[Records from a data collection]
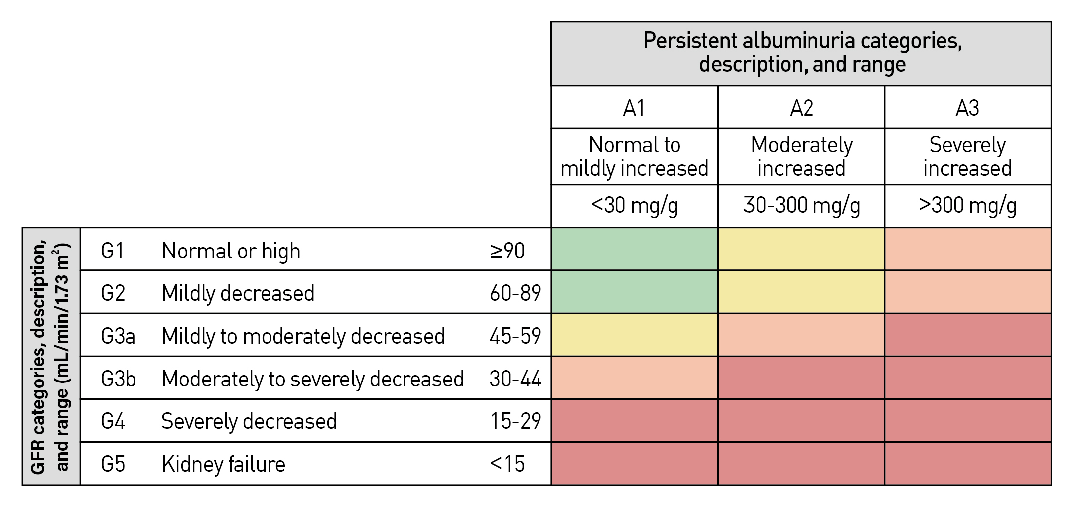 Figure 1. KDIGO Definition and prognosis of CKD by GFR and albuminuria categories, green: low risk; Yellow: moderately increased risk; orange: high risk; red: very high risk7
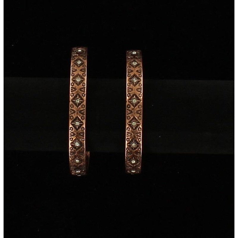 Stunning large hoop earrings with aztec and rhinestone design.Color:Copper
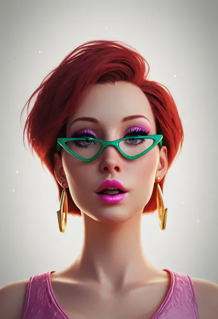 score_9, score_8_up, score_7_up, rating_explicit, 1girl, solo, janine_melnitz, pointy green glasses, short red hair, pink lipstick, makeup, jewelry, earrings, short red hair, pink lipstick, pink vest, horny, sexy, close up, parted lips, white background, simple background,
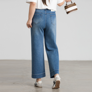 胖mm高腰梨形身材直筒裤 大码 200斤春夏2026年新款 九分牛仔裤 女装
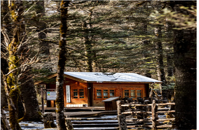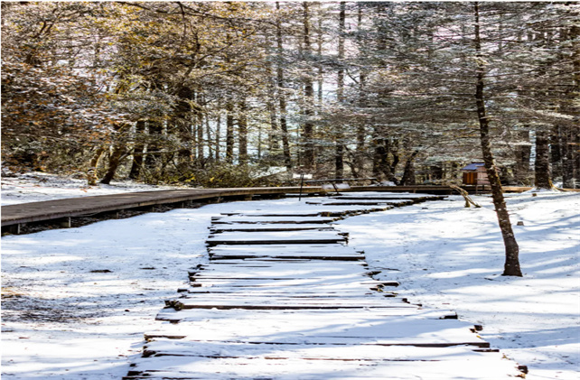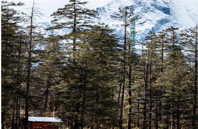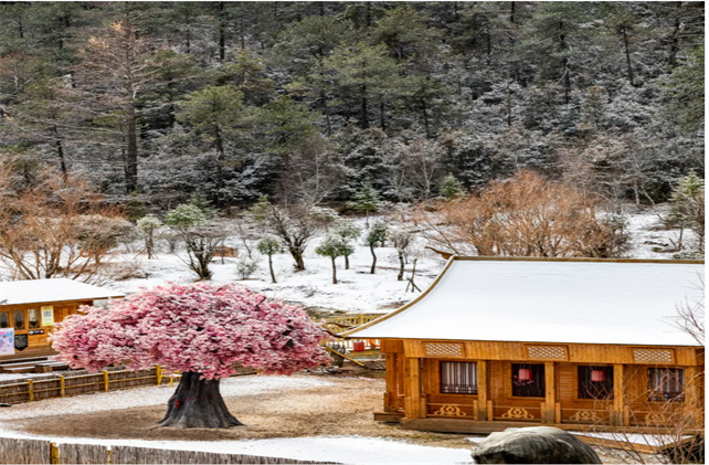 雪仍然下着、在镜水蓝湖上飘扬、在苍绿山林中飞舞、眼前的一切依然清晰,而远处已朦胧,正是那如梦如幻的仙境。
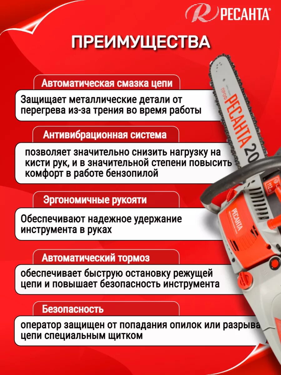 Бензопила Ресанта БП-6220 с мощностью 3300 Вт, объем двигателя 58 см3

--- Task objective ---
Repeat exactly the lines from the one holding "胖mm高腰梨形身材直筒裤 大码 200斤春夏2026年新款 九分牛仔裤 女装" through the last line of the entries, both included; the pictures do not belong in the copy.

--- Response area ---
 胖mm高腰梨形身材直筒裤 大码 200斤春夏2026年新款 九分牛仔裤 女装
 雪仍然下着、在镜水蓝湖上飘扬、在苍绿山林中飞舞、眼前的一切依然清晰,而远处已朦胧,正是那如梦如幻的仙境。
 Бензопила Ресанта БП-6220 с мощностью 3300 Вт, объем двигателя 58 см3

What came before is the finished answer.